Thursday, December 24, 2009

The Christmas Story

It appears that I only take time to contemplate and actually write my thoughts down near holidays.  So here is my Christmas post.  Written after some time of reflection and after another fantastic evening at Grandma's with the family  I have spent over 20 years of Christmas' with.  With my love here goes...

What is the central message of Christmas?  Is it the love of Christ?  Is it the act of giving gifts?  Is it the time spent honoring those we love with our presence and our joy?  Or are these just by-products of a more fundamental truth?  I believe the answer lies in the very beginning of the Christmas story. 

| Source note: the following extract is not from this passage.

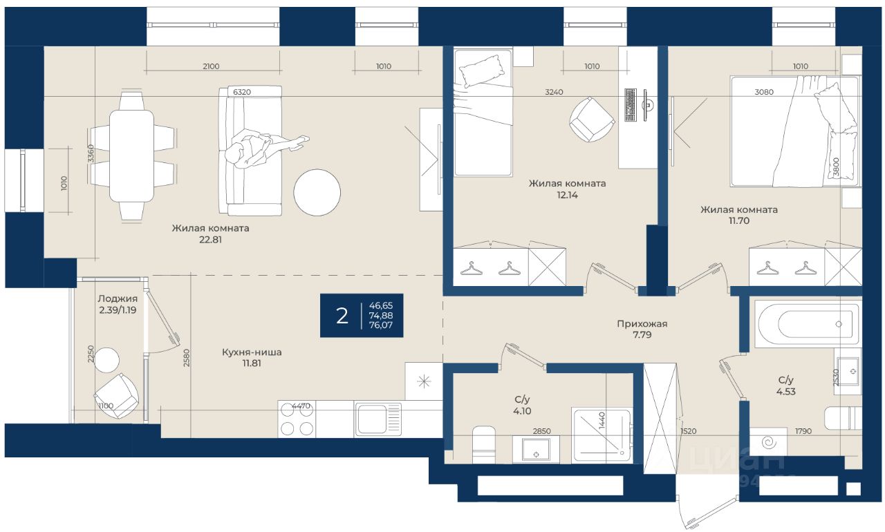 Жилой комплекс "NOVA" Квартира 82 общей площадью 76,07 м2 на 10 этаже.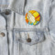Botão com uma imagem de vidro manchado com as mãos rezando.

The story starts with a birth, the story begins with hope.  What can be more hopeful than the birth of a child?  An empty canvas with all the colors of the world available to be painted upon it…a life unburdened with the sorrows the world and our fellow man can offer.  And what a hope this particular birth brought…the hopes of generations of peoples on the shoulders of an infant.  And what faith does God have in this story; to pass the continuing of His kingdom, the hopes of His people, and the continuing of His very being to the son of a carpenter. 

What faith in the goodness of his creation does God show?  Why does he trust that His son’s message will be carried?  In the hearts of a few men and women was the mission passed to and yet it burned as an unquenchable fire in the bellies that could not be denied.  What led them to risk and ultimately lose life over Christ’s message?  What pushed them to the very ends of their earth?  It was hope. 

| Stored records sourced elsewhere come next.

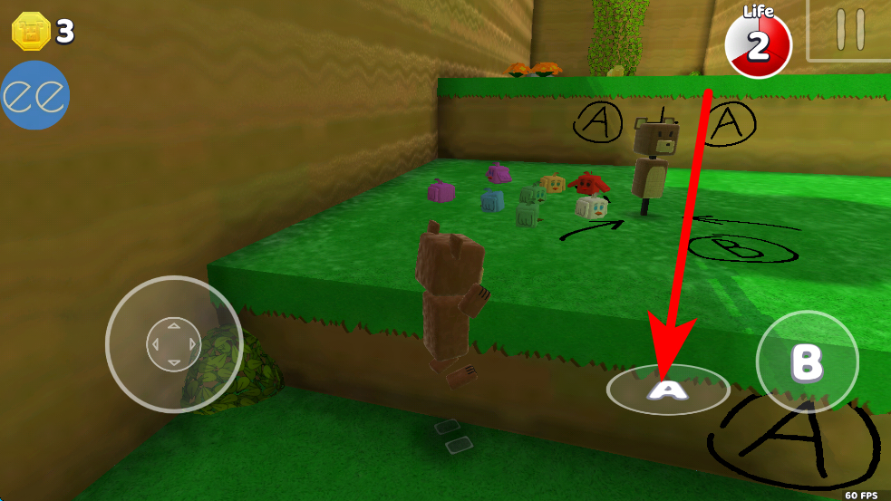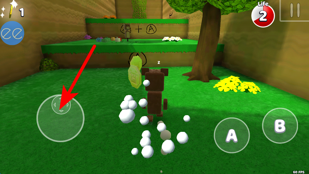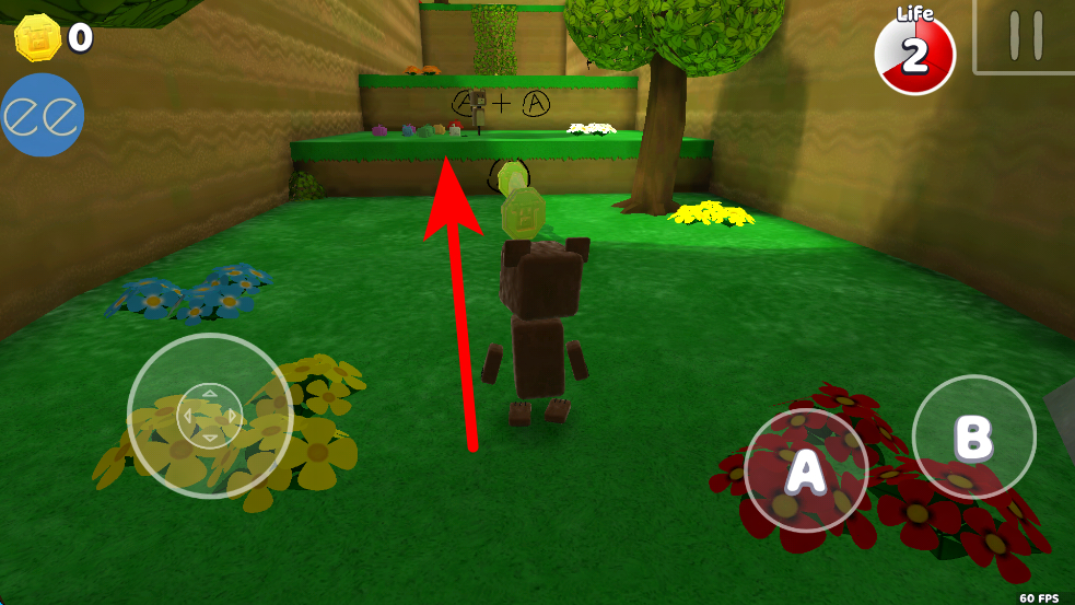 2、当遇到可互动的元素时,点击右侧的A按钮,小熊会做出相应的动作,比如触发机关、收集物品等,推进冒险进程。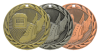 The 2" track iron sculptured medal depicts a cleat and stopwatch.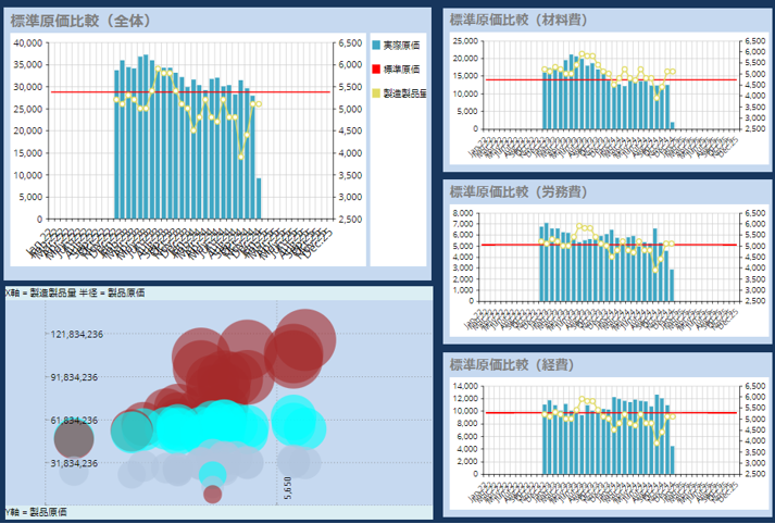 品目別に実際原価を標準原価と比較して分析することが可能です。同じ品目でも工場による原価差異の分析や、さらに工程単位での原価差異の分析が可能となります。これにより、原価改善が必要な品目や工場や作業工程で何をしていくかの示唆を得ることが出来ます。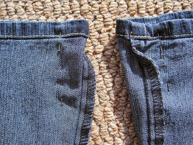 And what you can easily do, is take in the leg of wide leg or boot leg jeans. You can also easily shorten the hem of a pair of jeans.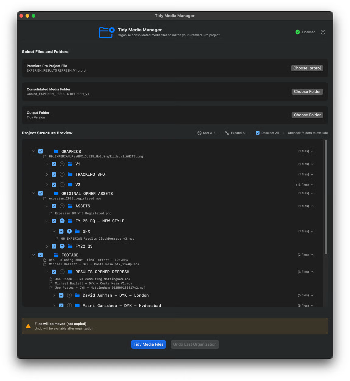 The original project file remains untouched. The app creates a "Tidied" copy, ensuring you always have a backup. If the result isn't what you expected, use the built-in Undo function.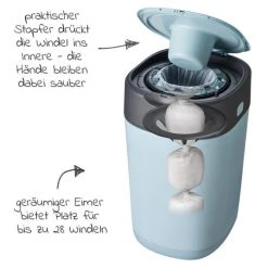 Der stabile Windeleimer Bella Bambina im Design Modern Elephants von Rotho Babydesign ist ein schöner Blickfang im Kinder- oder Badezimmer. Die Vorderseite des praktischen Eimers ziert ein süßer Druck von 2 Elefanten. Der Windeleimer hat einen losen Deckel, der den Eimer dicht verschließt und einen Tragegriff. Das Fassungsvermögen beträgt 10 Liter und durch den hochwertigen Kunststoff ist der Artikel besonders langlebig.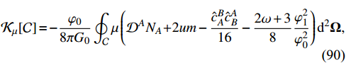 $ \oint_{{\cal{C}}}\mu{\cal{D}}^2{\cal{D}}^2({\cal{D}}^2+2)\Delta{\cal{K}} {\rm{d}}^2{\bf{\Omega}} = \frac{64\pi G_0}{\varphi_0}({\cal{J}}_\mu-\Delta{\cal{K}}'_\mu), $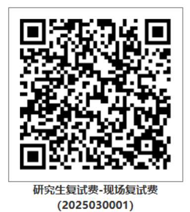 现场复试:一志愿复试使用微信扫描下示二维码缴费(注:缴费后,考生需保留并打印缴费单据凭证,与资格审查材料一并提交。)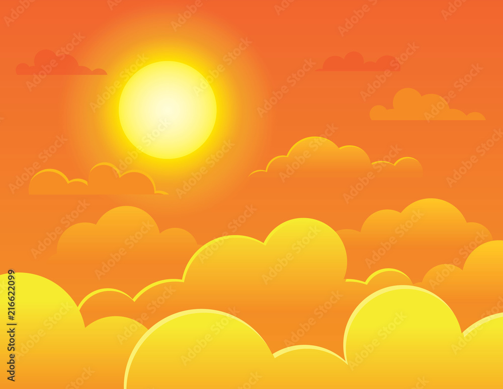 Fotografie Vector colorful illustration of a bright full sun on a background of a orange sky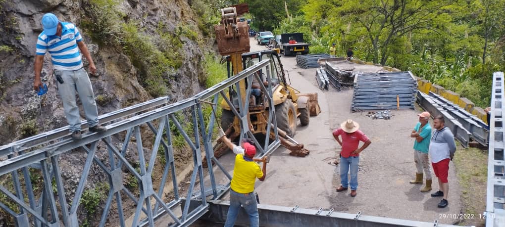 En imágenes compartidas se observa al gobernador en compañía del alcalde del municipio Jáuregui, Juan Carlos Escalante; así como personal del Ministerio del Poder Popular para Transporte y Corpotáchira, quienes junto a trabajadores de Puentes Cagua se encuentran al frente de las labores de colocación de la nueva infraestructura vial.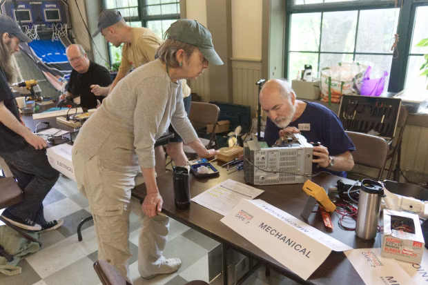 Dean Gallea,một kỹ sư nghỉ hưu mở "Repair Café" giúp hàng xóm sửa đồ gia dụng hỏng. Ảnh: WSJ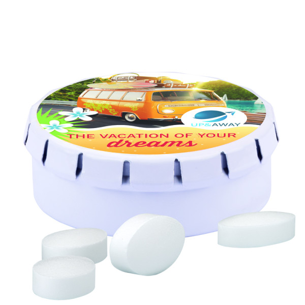 Small round tin with a spring-loaded lid, made of metal, white, with an original fastener and tear-off perforation. Tinplate 98% recyclable, individually printed. Content: Pfeffi peppermint pastilles, sugar-free, 10 g

Jesus offered a glimmer of hope; for many long looked for and for others a deux ex machina (aid unlooked for).  He was a calm voice in a wilderness of doubt, a healer in the midst of no cure and a beacon of light in a sea of an infinite darkness.  Christ’s birth set in motion a chain of events that shook the very foundations of the world upon which we and our ancestors have existed and continue to exist.  If for nothing else this one fact would both comfort and embolden me.  Our life is intrinsically tied to those who have come before us, those we encounter in our journey, and those that we leave behind; the impact we can have on all of those journeys is one of incredible magnitude; that which should never be taken lightly, but always taken with hopeful hearts.  This day among all others we should remember Jesus Christ, his birth, and the hope it offers to us.  His life is a testament to all that is good in this world.  I ask that on this day we cast aside our doubts, lean not on our fears, and plunge forward into our lives with a child-like belief in hope; understanding that, as every artist knows, our canvas is as filled with as many possibilities for joy as it was the day we were born.  We must believe in the vision of joy, pick up the brush filled with hope, and paint the pictures of our lives in vibrant strokes of yellow. 

To those that I love the most in this world, Merry Christmas!